We have used the BIBAC library to isolate BIBACs containing or closely linked to the genes controlling fiber development, fiber cellulose biosynthesis, seed fatty acid metabolism, cotton-nematode interaction, and cotton bacterial blight resistance. This experiment has not only further verified the quality and demonstrated the utility of the BIBAC library for cotton genomics research, but also provided the tools essential for characterization of the genes at the genomic level and promoted the use of the genes in molecular breeding through BIBAC transformation. Using the BIBACs, we have developed a high-throughput system for functional analysis of the entire Upland cotton genome in the plant model species, Arabidopsis thaliana, with which the entire Upland genome could be transformed into Arabidopsis within approximately three years by one scientist (M.P. Z, Y.Z, D.M S, and H.-B. Z., unpublished).

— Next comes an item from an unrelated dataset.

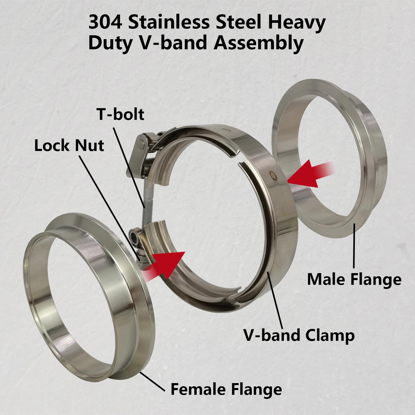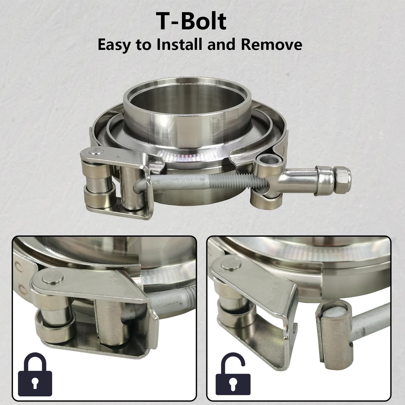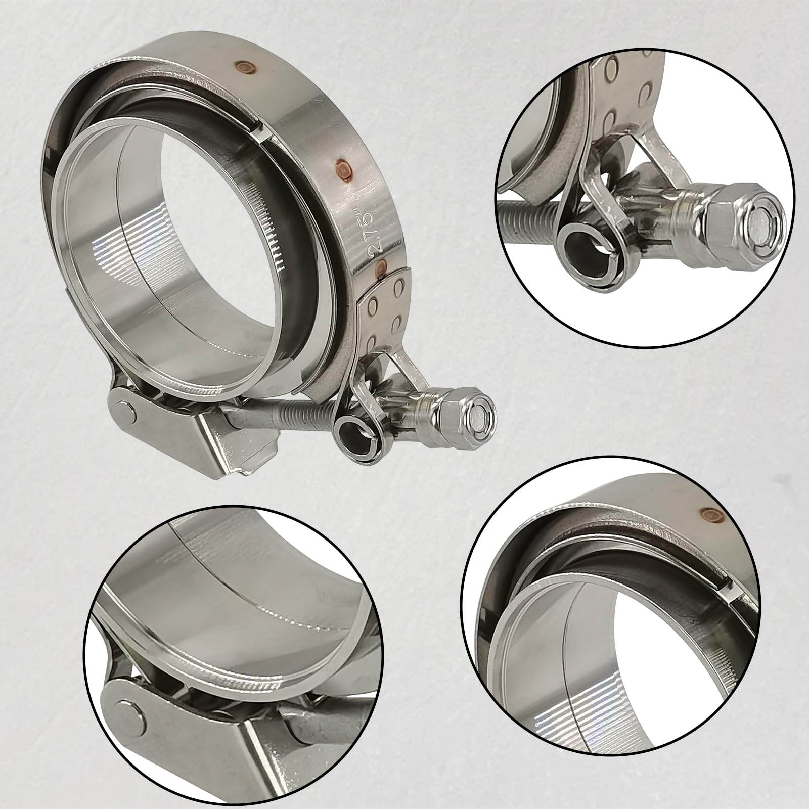 QUICK RELEASE DESIGN: this design of this 2.75 inch v band clamp is ideal for applications that require frequent removal. It can be connected and disconnected faster while providing a leak-free seal with even pressure at the flange.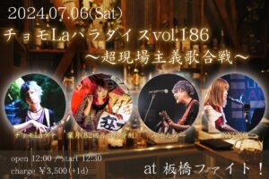 葉月 アコースティックイベント!! このイベントには予約特典があります。 予約特典 メッセージ動画 7/06(土)板橋ファイト! 【チョモLaパラダイスvol.186 〜超現場主義歌合戦〜】 w/ 葉月(82回目の終身刑)、みそたろー、KYOKO open 12:00 / start 12:30 charge ¥3,500(+1order)

Furthermore, the BESs generated in this study provide 9,711 STSs (sequence-tagged sites), with one STS in approximately every 250 kb along the Upland cotton genome. These STSs will facilitate integrative physical and genetic mapping, and sequencing of the Upland cotton genome using the next-generation sequencing technology [47, 48]. Using the BIBAC library, we have constructed separate genome-wide physical maps for both the A- and D-subgenomes of Upland cotton cv. TM-1 and identified the minimal tiling path (MTP) clones (15,277 clones) spanning the physical map [46]. We have also initiated a project of sequencing the Upland cotton cv. TM-1 genome based on the BIBAC library using the next-generation sequencing technology (D.M. S., H.-B. Z.). We are developing the integrated physical and genetic maps of individual chromosomes of the Upland cotton genome, with 1–10 contigs per chromosome, from this BIBAC library and a BAC library, which will be necessary for assembling the chromosome-sized pseudomolecules of the Upland cotton genome sequence.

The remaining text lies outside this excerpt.